Prime-working-age men outside metropolitan areas are substantially less likely than their metropolitan counterparts to be employed — not because they’re lazy but because the jobs just aren’t there. (The gap is much smaller for women, perhaps because the jobs supported by federal aid tend to be female-coded, such as those in health care.)  
Quite a few rural states also have high rates of homicide, suicide and births to single mothers — again, not because rural Americans are bad people but because social disorder is, as the sociologist William Julius Wilson argued long ago about urban problems, what happens when work disappears.  
Draw attention to some of these realities, and you’ll be accused of being a snooty urban elitist. I’m sure responses to this column will be … interesting.

The result — which at some level I still find hard to understand — is that many white rural voters support politicians who tell them lies they want to hear. It helps explain why the MAGA narrative casts relatively safe cities like New York as crime-ridden hellscapes and rural America as the victim not of technology but of illegal immigrants, wokeness and the deep state.

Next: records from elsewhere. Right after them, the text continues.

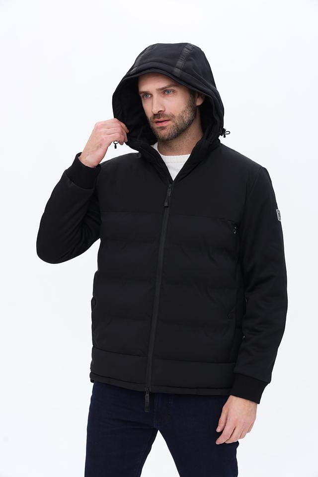 Модель имеет стеганую фактуру на передней части и гладкую на рукавах и спине, что придает ей современный вид. Капюшон регулируется шнурками, обеспечивая надежную защиту от непогоды. Застежка-молния позволяет быстро и удобно надевать и снимать куртку.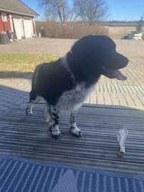 Nahkelassa kävi koira pihassa leikkimässä meidän koirien kanssa. Ei ollut kaulapantaa, joten en voinut soittaa kenellekään.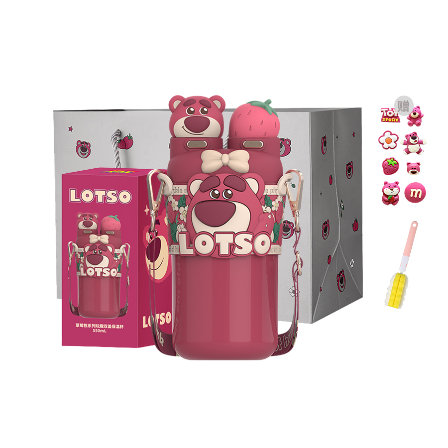 Цвет: Lotso Rose Red, двухстенная термокружка + сумка для покупок (в комплекте щетка для мытья стакана + щетка для трубочки + наклейки)

At this point you’re probably expecting a solution to this ugly political situation. Schaller and Waldman do offer some suggestions. But the truth is that while white rural rage is arguably the single greatest threat facing American democracy, I have no good ideas about how to fight it.

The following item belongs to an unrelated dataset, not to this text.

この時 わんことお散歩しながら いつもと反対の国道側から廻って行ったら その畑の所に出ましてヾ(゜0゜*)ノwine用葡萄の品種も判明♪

If that analysis is mostly accurate, it accords with other research that indicates that rural dissatisfaction and a sense of threat from minorities and non-heterosexuals, and urban disrespect were significant factors in support for DJT in 2016 and 2020. 
 
One commenter commented: 
All those gadgets, devices, things that we have, large and small, in vast numbers, more than ever [....] still have to be manufactured! And they are ……. in factories offshored by big business in ever country in Asia, and across the border in Mexico. And aided and abetted by the US Government. Wonder where the jobs are? The jobs are there, the tradesmen, the supervisor, the manager, the services………..all there for example, on the eastern seaboard of Thailand - the Detroit of Asia. Cheaper, lower labor and environmental standards, protective barriers, low taxes…. That’s globalism. And that is the decline hollowing out of America and Japan too.
Krugman responded:
I actually did acknowledge the role of imports. But I’ve actually done the math: even if we completely eliminated our trade deficits, manufacturing would still be a much smaller employer than it used to be, and agriculture wouldn’t gain at all. We can’t recreate the economy of the 1960s, no matter how hard we try.

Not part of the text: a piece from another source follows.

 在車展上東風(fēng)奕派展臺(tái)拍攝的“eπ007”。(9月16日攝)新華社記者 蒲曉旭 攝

Another commenter commented (incoherently, IMO): 
If you need to grow up in poverty and ignorance to see the problem, then maybe I can help. The democratic party assures these people and other people that they will ameliorate their plight. Their pitch is that it could get a whole lot worse but they are here to take care of you. Trump tells them it could get a whole lot better. He's right it can be a whole lot better and it is time to for the democratic party to say the same. People want to thrive and not just survive. Communities can and should be nurturing. [what does nurturing mean, insulting and slandering urban people, while voting for DJT?]
Krugman responded:
But the reality is that Biden is making a serious effort to revitalize rural communities with his industrial policies, but gets no credit, while Trump did nothing for them and will get something like 80 percent of their votes.